De bundel Hoe word ik Einstein of Da Vinci? Een inleiding tot wetenschappen vandaag voor de homo universalis van morgen is het werk van meer dan vijftig KU Leuven-academici. Elk vanuit hun eigen discipline hebben ze een bijdrage geleverd om de huidige academische kennis in kaart te brengen en toekomstige wetenschappers op te roepen tot interdisciplinariteit. De aanleiding hiervoor was de creatie van een nieuw, disciplineoverschrijdend vak dat aan alle studenten zou worden aangeboden. Het resultaat zijn bijna zeshonderd pagina’s, geordend rond veertien thema’s, waaraan telkens een multidisciplinair schrijfteam gewerkt heeft zodat verschillende perspectieven met elkaar geconfronteerd worden. Achtereenvolgens komen onderwerpen aan bod als denkprocessen, vormen van kennis, het ontstaan van materie en leven, economie, bevolkingsgroei, biodiversiteit, emancipatie, biotechnologie, maatschappelijke uitdagingen, menselijk gedrag, ruimte en tijd, multiculturaliteit, taal en ten slotte het Europese project. De auteurs beseffen dat de inzichten van één vakgebied zelden volstaan voor de aanpak van complexe maatschappelijke uitdagingen. Daarom is het nodig om uit het vaste denkkader te treden en een gesprek aan te gaan met andere disciplines. ‘Dat vereist wel dat we de comfortzone van onze eigen particuliere ervaringen en kennis verlaten’, ook al is dat niet gemakkelijk. Maar het is wel nuttig want de ‘confrontatie met een ander en vaak onverwacht perspectief blijkt bovendien vaak een bron van creativiteit te vormen en nieuwe denksporen te openen.’ De auteurs ‘hopen dat dit slechts het begin vormt van een vruchtbare dialoog.’ Aan deze dialoog wil ik een bijdrage leveren, waarbij ik me beperk tot één pointe.

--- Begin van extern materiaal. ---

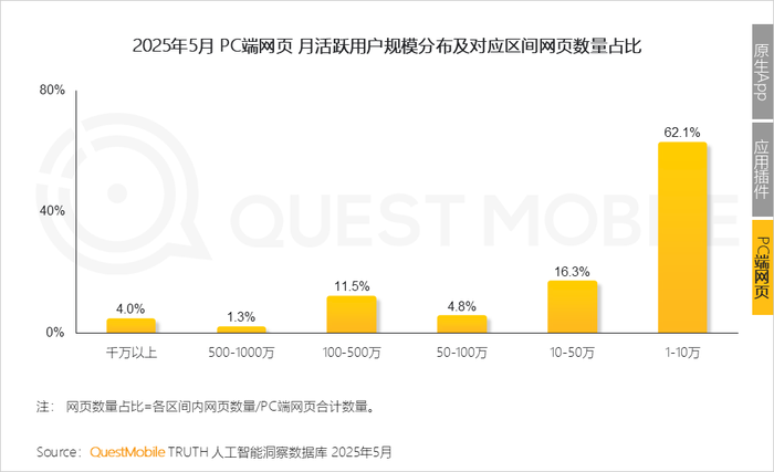 9、PC端网页发展与原生App相似,呈金字塔结构:近八成应用规模停留在50万以下;AI对网站价值的释放,还需找到企业服务场景突破规模瓶颈

Terwijl de grenzen van disciplines expliciet in vraag gesteld worden, is er iets dat rotsvast en impliciet in deze bundel domineert: de sterk overwegende focus op onszelf, namelijk: Vlaanderen, België, Europa en het Westen, inclusief de Verenigde Staten en Canada. Deze comfortzone wordt niet verlaten. De rest van de wereld is grotendeels een blinde vlek. (Een uitzondering hierop is een onderdeel van ‘Europese cultuur, identiteit en integratie’, waarin de auteur vragen stelt bij het traditionele verhaal van Europeanen over zichzelf.) Vermits onze universiteit opgedeeld is in disciplines met eigen methodologieën en vooronderstellingen, aldus de redenering, is een interdisciplinaire samenwerking de bodem waaruit de nieuwe homo universalis zal opstaan. Wat daarbij over het hoofd gezien wordt, is dat heel wat disciplines op één of andere manier regiogebonden zijn. Historici, sociologen, economisten en linguïsten bijvoorbeeld kunnen wel algemene wetmatigheden zoeken, hun onderzoeksmateriaal zal doorgaans toch tot een specifieke regio behoren waarvan ze idealiter de taal kennen. Veel meer dan in de exacte wetenschappen is kennis van de betrokken taal en regio relevant in de menswetenschappen. Uit deze bundel moeten we echter opmaken dat er buiten het Westen nagenoeg nergens ideeën of feiten over emancipatie, migraties, multiculturaliteit of taal een bespreking waard zijn. Natuurlijk wordt dit niet expliciet beweerd, laat staan verdedigd: al wat niet-westers is komt nauwelijks aan bod. Het is dan ook niet verwonderlijk dat meer dan 95 procent van alle aangehaalde autoriteiten en geleerden in dit boek westerse mannen zijn.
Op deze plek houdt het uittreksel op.